Omg I def was not. I wasn't that drunk. I showed that I stuff my bra but I didn't whip my tit out.
Do they fuck in the end of "Lady and the Tramp" or am i just wasting my time
I'm gonna keep this simple. I threw up in your pillow case. Sorry.
I cleared a drunken path to my bed for you. If you hit clothes you've gone too far.
there's a picture of you and pauly shore at a starbucks on my phone
We used the solo cup bag for her hair tie. Desperate times call for desperate measures.
She makes me want to eat babies and throw kittens in pots of boiling water.
You should have.

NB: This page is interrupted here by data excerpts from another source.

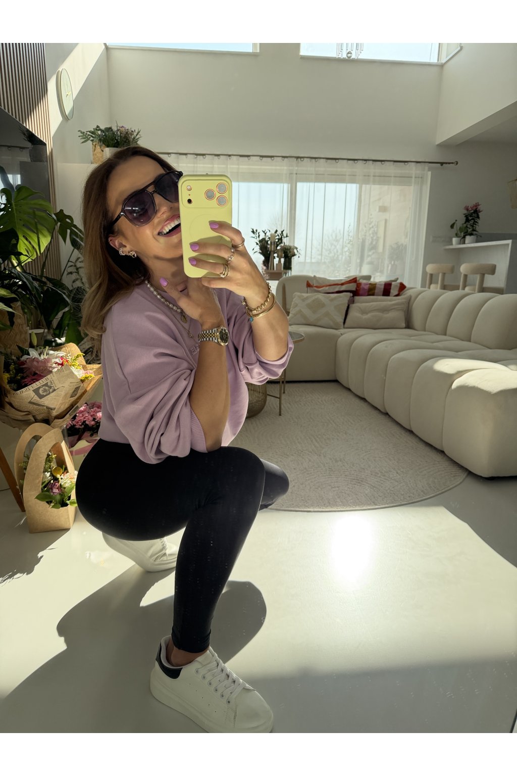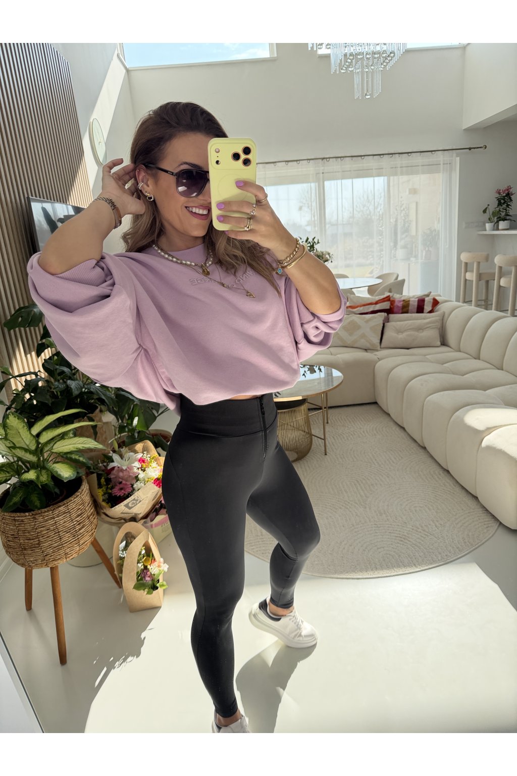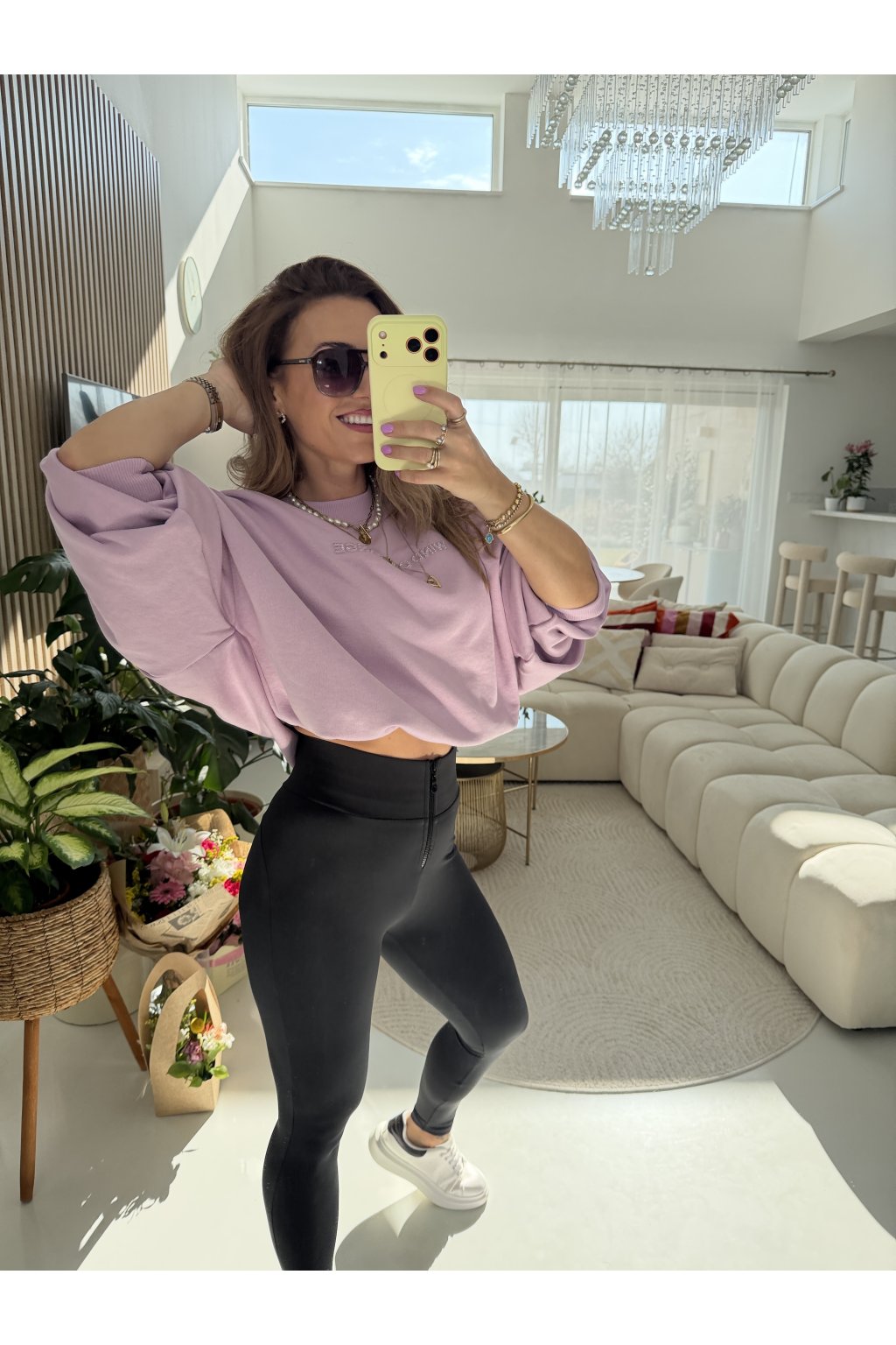 K tomu dokonale padnou stahovací legíny s pevným pasem, které krásně tvarují postavu.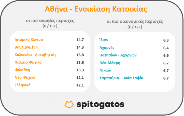 Ως προς την ενοικίαση κατοικίας, το ιστορικό κέντρο, η Βουλιαγμένη, η περιοχή του Κολωνακίου και του Λυκαβηττού, το Παλαιό Ψυχικό, το Νέο Ψυχικό και η Φιλοθέη είναι μεταξύ των ακριβότερων περιοχών της Αττικής, ενώ στη λίστα με τις περιοχές όπου εντοπίζονται τα ακριβότερα ενοίκια συγκαταλέγεται και το Ελληνικό.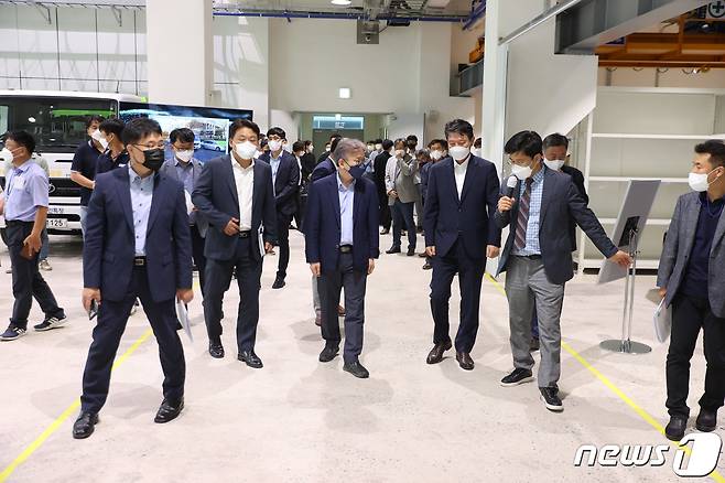 (서울=뉴스1) = 권칠승 중소벤처기업부 장관이 14일 국내 최초 무인 자율주행 특장차(노면청소차, 쓰레기수거차) 규제자유 특구 현장을 방문해 실증 추진현황을 듣고 있다. (중소벤처기업부 제공) 2021.9.14/뉴스1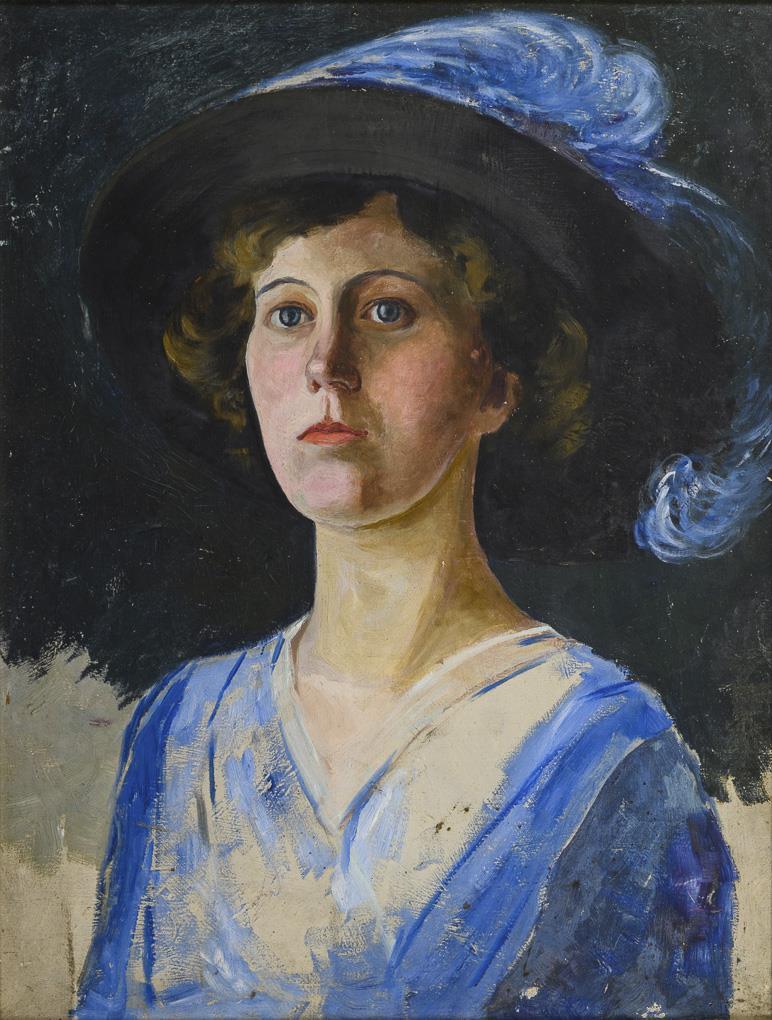 Porträt einer jungen Frau im blauen Kleid mit großem Hut.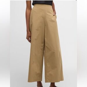 Experience timeless elegance with these tan wide-leg pants from Lafayette 148 New York. Crafted in a structured cotton-blend, they feature a high-waisted design and a minimalist silhouette, perfect for both casual and business casual settings.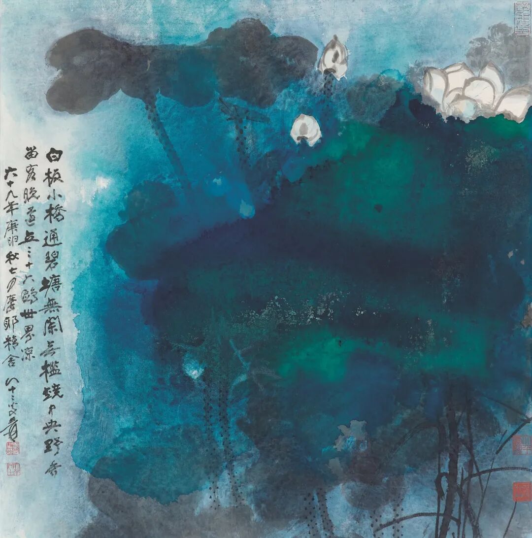 “中国近现代及当代书画” 拍卖则汇聚了近现代书画巨擘及当代水墨艺术家之耀眼佳构,为本次秋季拍卖添上一道闪烁光彩。除了领军之作张大千《云山居隐》之外,另有一系列融合了中西绘画艺术形式,并开创中国绘画新风貌的艺术大师林风眠、吴冠中的精美作品。此外,本场亮点还有奉文堂旧藏齐白石名迹佳作,比利时东西轩旧藏张大千于1960年代所绘的泼墨山水《烟云放棹》及《墨荷》,以及来自日本私人收藏,结合吴昌硕及日本书道大师日下部鸣鹤的《花卉书法屏风》。而当代水墨方面,更集结了李华弌、刘国松等先锋巨擘,与香港1970年代当代水墨先锋吕寿琨及才女画家方召麐等的非凡佳作。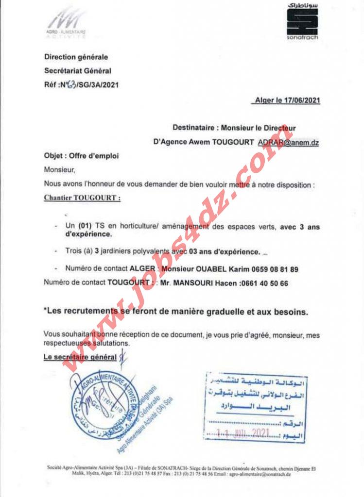 يرجى من المهتمين الاتصال بالوكالة الولائية للتشغيل لولاية تقرت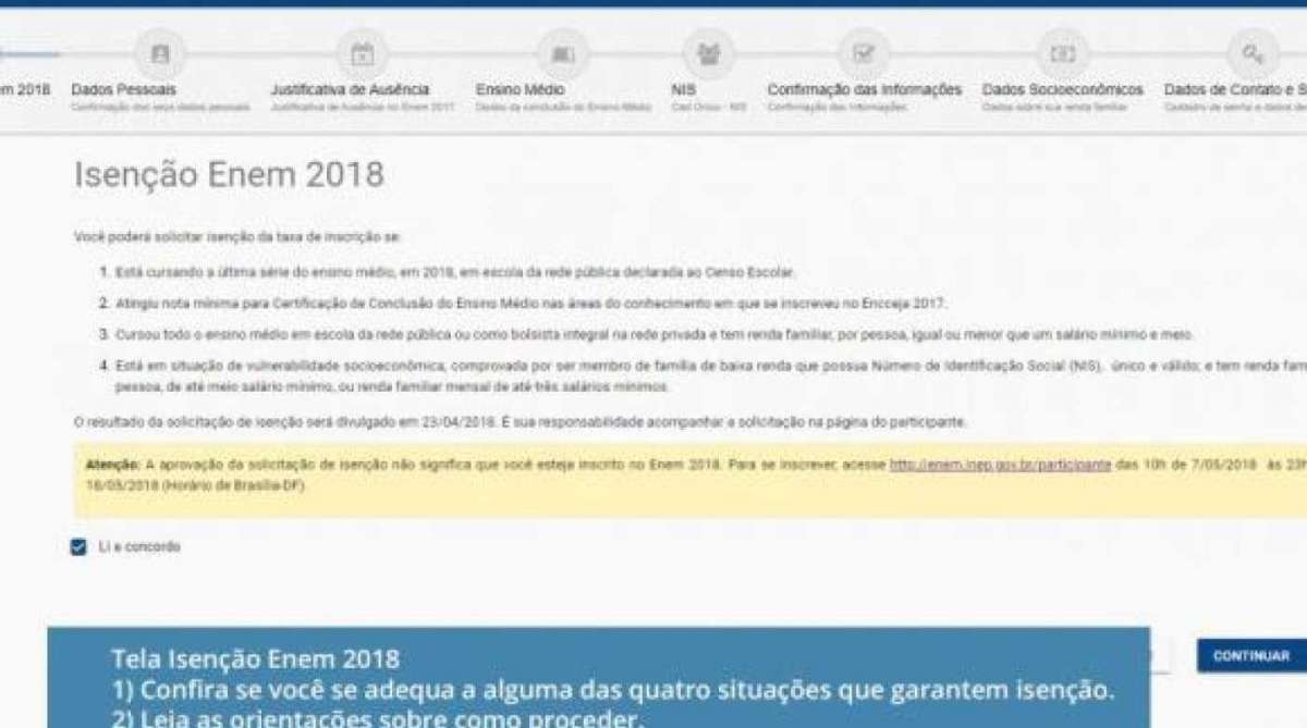 Em 2018, o Enem completa 20 anos e pela primeira vez o pedido de isenção da taxa é feito antes do período de inscrição. Também pela primeira vez, os candidatos que tiveram a isenção no ano passado e faltaram aos dois dias de prova terão que justificar a ausência para ter a gratuidade novamente.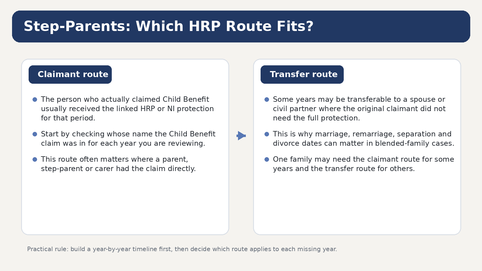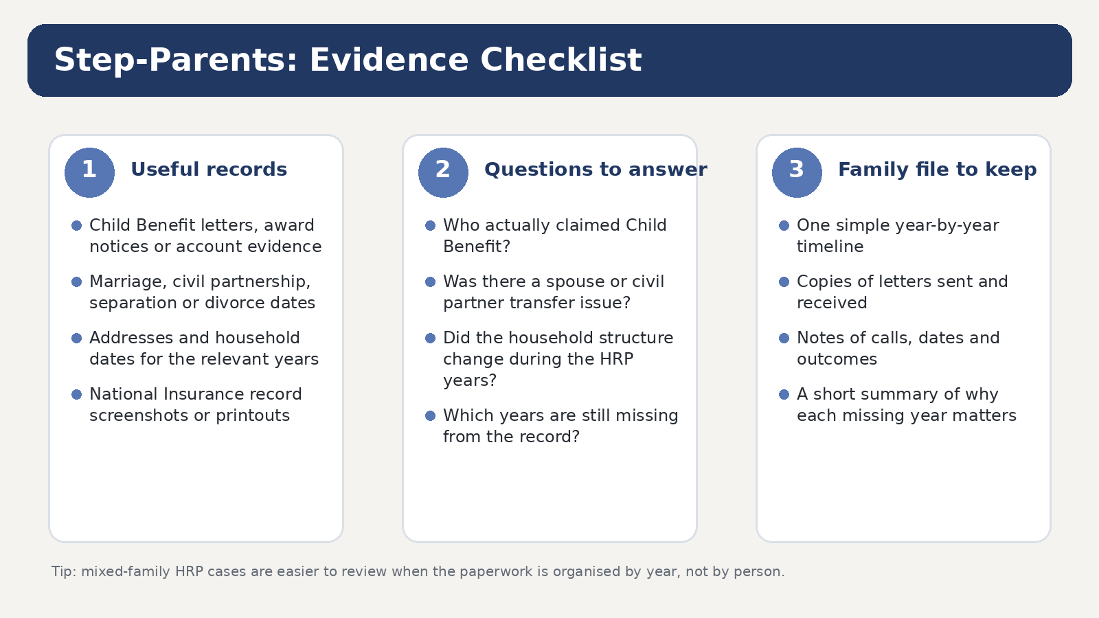 HRP in blended families is usually about records, not emotion. The key is to identify the correct route for each year: direct Child Benefit claimant, partner transfer, or another caring route. Once you do that, the case becomes much easier to evidence and much less likely to get lost in family history.

Partying with 60 year olds and batman is so much better than partying with bitches our age.
blowjobs from left handed girls are noticably better than from righties. these are the most important things I've learned this semester
Ok let me just clear up this blowjob thing first so we can talk about your grandpa
We can stop fighting if you send me a picture of your dick standing at full attention wearing a sock.
I'll wait.
It can also be a hat.
A warmed up burrito and jelly beans. The breakfast of champions.
I just went on etsy and my personalized suggestions on the page were either kinky sex restraints or baby things. I feel like etsy just summarized my life.
If I die at work, I want you to have my mustache collection
It's like a donut of clothes around a pair of heels. Like they were transported to another dimension naked.